My Royal Enfield 'One Ride' To the Dezer auto museum

Imposing 1935 Cadillac V-12 Town Cabriolet, probably one of only two built.
Where did you ride your Royal Enfield on One Ride day Sunday?

With my wife occupied by a meeting of her book club, my Royal Enfield and I were free to go someplace she would never care to visit:

A car museum.

I'd visited the extraordinary (extraordinarily unusual) Dezer Auto Museum in Miami,  but they've recently opened a Fort Lauderdale Auto Museum in my hometown. I'd never seen this local museum before and, fascinating to me, it houses Dezer's Microcar Collection, my favorite vehicles.

The Fort Lauderdale location also also has its share of Dezer's Movie Cars, Roaring '30s cars, and Military Salute Collection.

Concealed folding jump seats make this a seven-passenger car.
The Fort Lauderdale location is at 5300 Powerline Road. Wide and straight, with few stoplights, Powerline was lightly traveled this Sunday morning.
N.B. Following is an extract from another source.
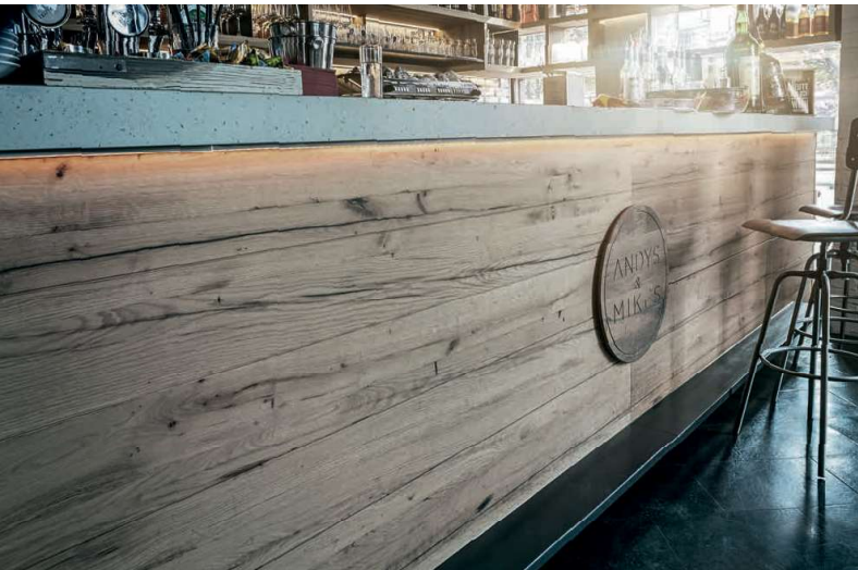
Eiche Altholz | Historic Oak

Die Vielfalt der Eiche | Diversity of oak
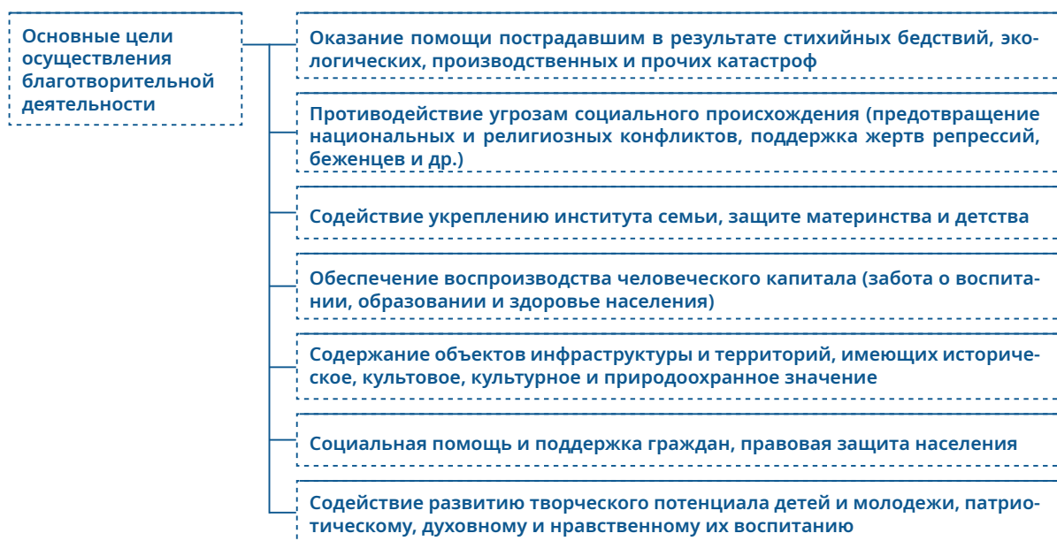
Рис. 1. Основные цели осуществления благотворительной деятельности

Составлено автором по: Савина Т.Н. Благотворительность как стадия социального позиционирования бизнеса (возможности, проблемы, перспективы) // Проблемы. Поиск. Решения. 2014. № 27 (264). С. 58–66.

My Royal Enfield Bullet was in fine spirits.

It was a bit off-putting that the auto museum is located inside the Xtreme Action Park, one of those cavernous indoor playgrounds where the clanging of video games and opportunities to work off some energy seek to attract the young.

I paid my $10 admission fee (that's half price, because I am a Florida resident) and a young staff member guided me to the far corner of the facility, where the museum is located.
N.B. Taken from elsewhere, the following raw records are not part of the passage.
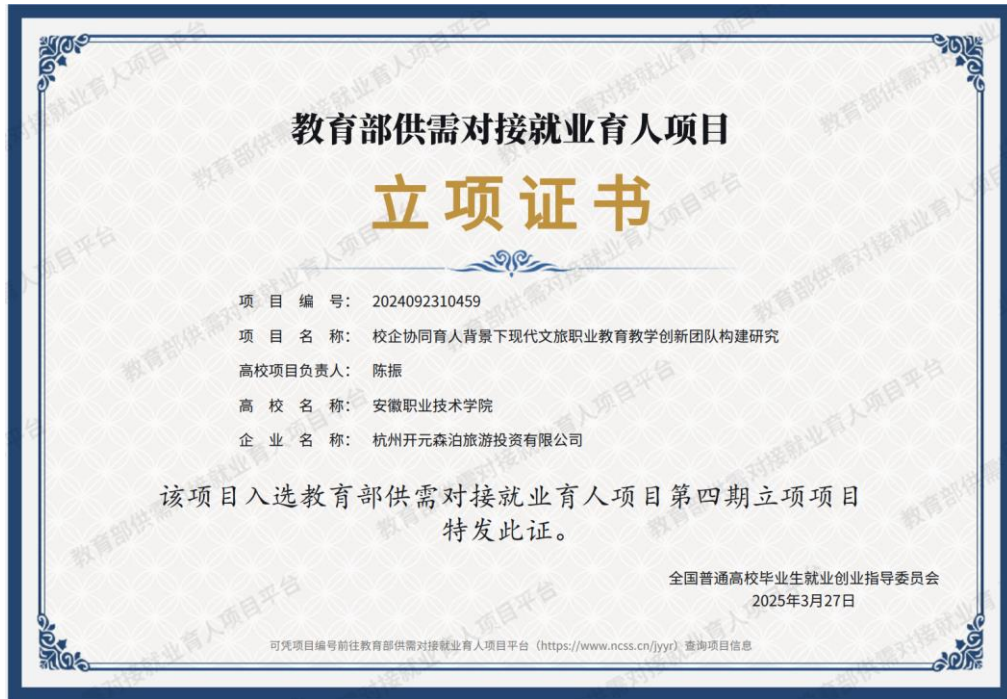
图 2. 校企共同申报教育部育人项目，共建国家级文旅教学创新团队
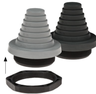
Dimensionen in mm:
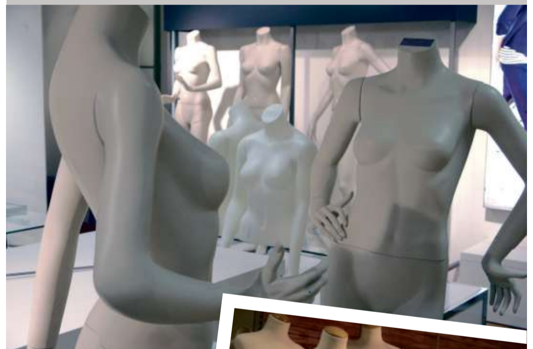
Schaufensterfiguren in den unterschiedlichsten Posen

Schaufensterfiguren, Warenträger, Dekoration und vieles mehr
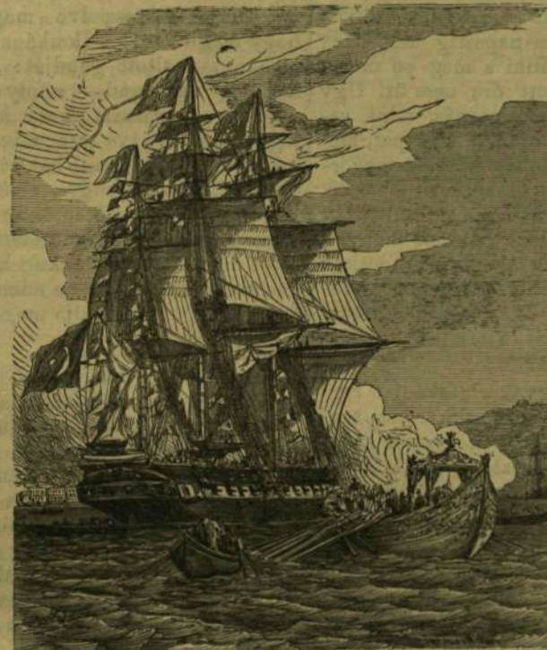
A szultán hajója.

The Cadillac's wire wheels are concealed behind accessory wheel discs.
Fortunately it's quiet in the museum. In fact I seemed to be the only visitor present. There were plenty of cars to look at — many I'd never heard of — which is the strength of the Dezer Collection.

The weakness is that they are stuffed in tightly, with many of the microcars up on shelves where they can not be fully appreciated. The cars are roped off, making it difficult to get a clean photograph. Do people who visit automobile museums really not know to keep their hands off the cars without the reminder of ugly barricades?
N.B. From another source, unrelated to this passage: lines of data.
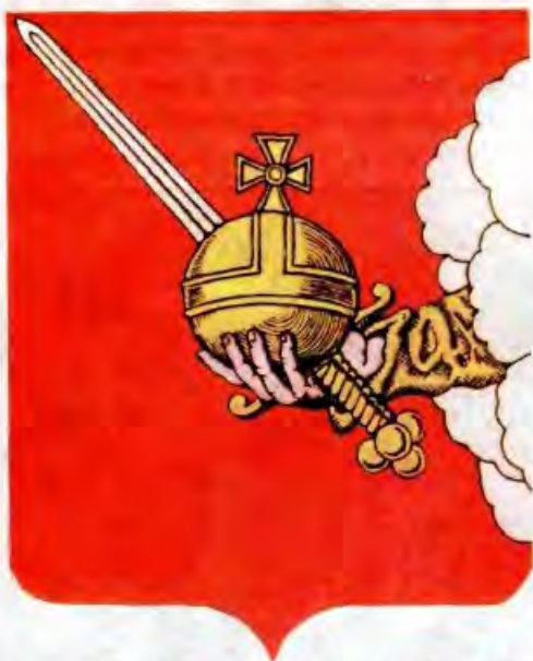
Герб Вологодской области

выми (справа) и кедровыми (слева) ветками, перевитыми голубой лентой. На гербе изображены ленты орденов, которыми награждён край, лев символизирует власть, отвагу, храбрость и великодушие, лопата и серп — плодородие и богатство недр, светло-
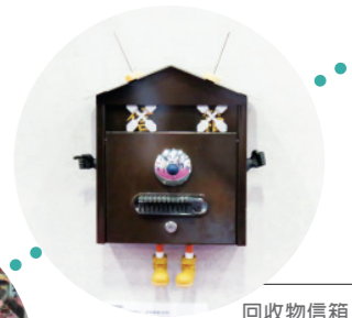
回收物信箱 回收物, 是垃圾? 還是寶?
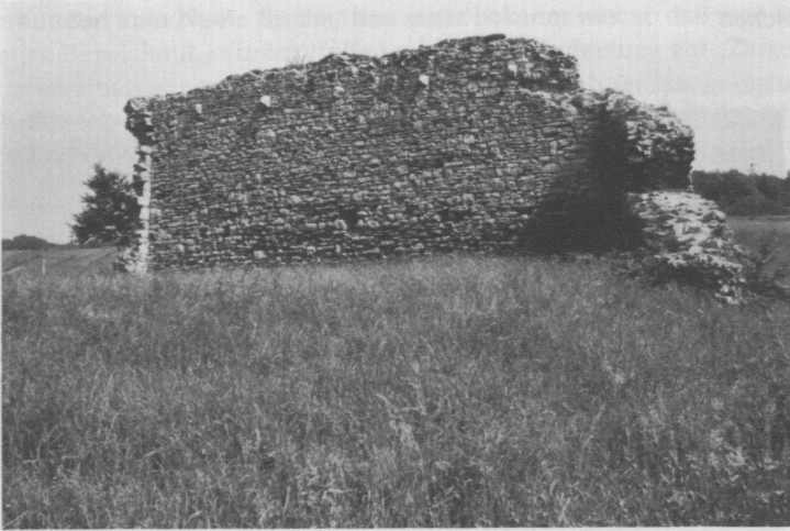
Abb. 4: Die „Zarge“, Ansicht von Süden (Innenseite).

Das vollkommen einheitliche Bruchsteinmauerwerk der „Zarge“ ist von beachtlicher Qualität (Abb. 5). Der anstehende Muschelkalk wurde in meist plattenförmigen Stücken und möglichst regelmäßiger Schichtung verarbeitet, einzelne größere Steine sind an der Sichtfläche geglättet. Die bei dieser Mauertechnik unvermeidlichen Lücken sind mit kleinen Steinbrocken ausgezwickt. Quaderförmig zugerichtete größere Stücke bilden die beiden sorgfältigen Eckverbände. Der Mörtel ist von hellbrauner Färbung und enthält außer wenigen Kieseln kaum Verunreinigungen. Er läßt sich heute zwischen den Fingern zu Sand reiben. Verputzreste sind nicht erkennbar. Der Zustand der Mauern ist noch überraschend gut, wenn man bedenkt, daß sie vermutlich seit mehreren Jahrhunderten ungeschützt der Witterung ausgesetzt sind.
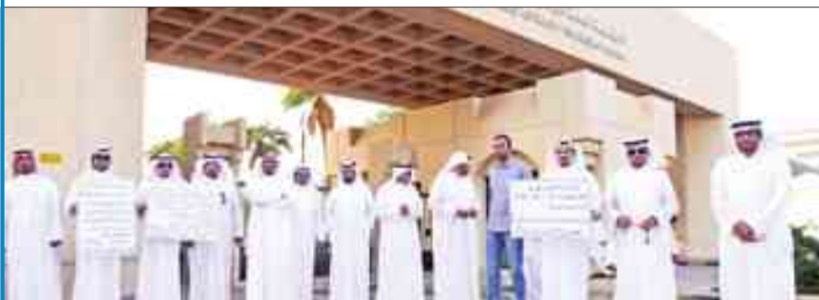
جانب من اعتصام أهالي مدينة جنوب عبدالله المبارك أمام السكنية

على المشروع في يناير المقبل وعدم التحجج بالمعوقات، مبيّناً أن عالم الهندسة لا يوجد شيء يعطله. وقال المتحدث باسم المصممين راشد رجا إن «المطالب شرعية ويجب النظر إليها لتحقيقها، لا سيما أن هناك الكثيرين من مدعي الإعاقة حصلوا على حق أصحاب الطلبات الإسكانية القديمة في غرب عبدالله المبارك بحدود 1440 شخصاً، بعضهم مدعو إعاقة وبعضهم معاقون».

Republic RC-3 Seabee seaplane, as flown by James Bond in "The Man With the Golden Gun."
Signage on cars at the Dezer varies from informative to non-existent. A frequent flaw is that you often can't be sure if the car you're looking at is real or a replica.

Of course this is not the actual Porsche in which James Dean died, for instance. But there's nothing to warn the casual visitor that it's not.

Tiny bottom rudder steered the Seabee in the water. Republic thought
pilots trained in World War II would want to keep flying after the war
but that market didn't pan out.
Still, for anyone with a notion of what they're looking at, these cars are marvellous. The variation in scale is astounding. The leap from one-seater European microcars to mammoth American cars of the 1950s is almost beyond comprehension.

In fact, the Dezer Fort Lauderdale is probably one of the few places on earth where you can size up a Citroen 2CV near an Austin mini. Visually, the Citroen lords it over the little Mini.

Even when gross or wildly impractical, all these cars are tributes to human creativity and invention. And many are beautiful. I hope you enjoy my photos.

Immense 1959 Dodge Custom Royal was typical of American cars of its day.
Garish Custom Royal would look even larger if trim didn't decorate all that sheet metal.
1942 GMC DUKW "Duck" amphibious military truck looks fresh
from the invasion beaches. It's 31 feet long!
The Duck displays an appropriate bird insignia.
1958 David microcar built in Barcelona, Spain.
Streamlined hood is its best feature.
Elaborate grille encloses only the single front wheel.
Classy shift quadrant takes up much of the dashboard.
The David proves microcars could be classy.
Note the trailing link rear suspension.
Pair of Berkeley sports cars of the 1960s.
Red is four-wheeled; green is a three-wheeler.
Some had Royal Enfield twin motors, but these two didn't.
Note the single rear wheel on this Berkeley. Surprisingly,
the four-wheelers were introduced first. The three-wheelers
came along late in production to take advantage of motorcycle registration.
Lots to see at the Dezer Fort Lauderdale museum but too many
of the microcars are displayed on shelves above eye level.
Attractive Isetta bubble body is way up near the ceiling.
And what is this? Tasty micro sports car is unlabeled.